Because Asian communities in Western states typically make up no more than 5% of the total population, diversity within the group is often overlooked. The model minority label relies on the aggregation of racially-neutral success indicators like higher education and household income. However, in policy context, salient issues like police violence and hate crimes are rooted in ethnicity and a color-blind approach that fails to remedy the historical disadvantages faced by certain marginalized migrant and immigrant communities. Western countries with Asian diasporic communities naturally have different relations with its Asian citizens. However, the artificial pitting of established minority communities against the new migrant workers and immigrants occurs across borders and contributes to the sentiment that anti-Asian violence is trending.
The first step towards addressing these subversive issues is through data.
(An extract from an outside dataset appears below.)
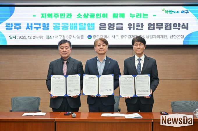 서구는 광주경제진흥상생일자리재단, ㈜신한은행 땡겨요 사업단과 ‘서구형 공공배달앱 운영을 위한 업무협약’을 체결하고, 온라인 배달 소비 영역까지 골목경제 회복 정책을 확대한다고 밝혔다.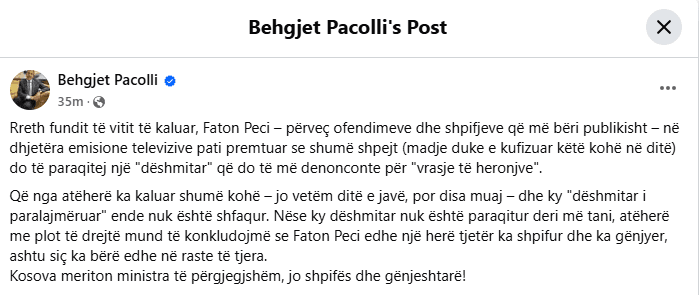 Pacolli në postimin e tij të bërë në Facebook, ka thënë se ministri Peci kishte deklaruar në dhjetëra emisione televizive se do të paraqitej një dëshmitar i cili, do ta denonconte biznesmenin për “vrasje të heronjve”.

Institutional solutions like more comprehensive data collection process and data disaggregation can help reveal how pervasive incidents involving anti-Asian sentiments are on a transnational scale. Similar to how France does not collect race-based statistics, the United States has neither a dataset nor an apparatus in place that can report national hate crime trends. While local authorities are in a much better position to document discriminatory hate crimes and violence, not all communities see such as a priority.
We must actively question and challenge the narrative that insufficient data on a particular issue indicates a non-issue, especially in the context of racially-motivated violence. The deaths of Trayvon Martin, Michael Brown, Eric Garner, and many more unarmed Black men and women, the blatant profiling of and discrimination against Muslim Americans, and the disregard of undocumented immigrants have shown that law enforcement in the United States will not make race-conscious institutional changes until public scrutiny is applied and malpractice is exposed. Most of these re-structural efforts have been led by the black and brown community, which needs to be acknowledged and contributed to by Asian communities. Asian immigrants who enjoy greater degrees of assimilation and model minority status must remember that their counterparts in other countries may not receive the same safety from police violence, and that racial-neutral success indicators will never be enough to overcome the racism and discrimination.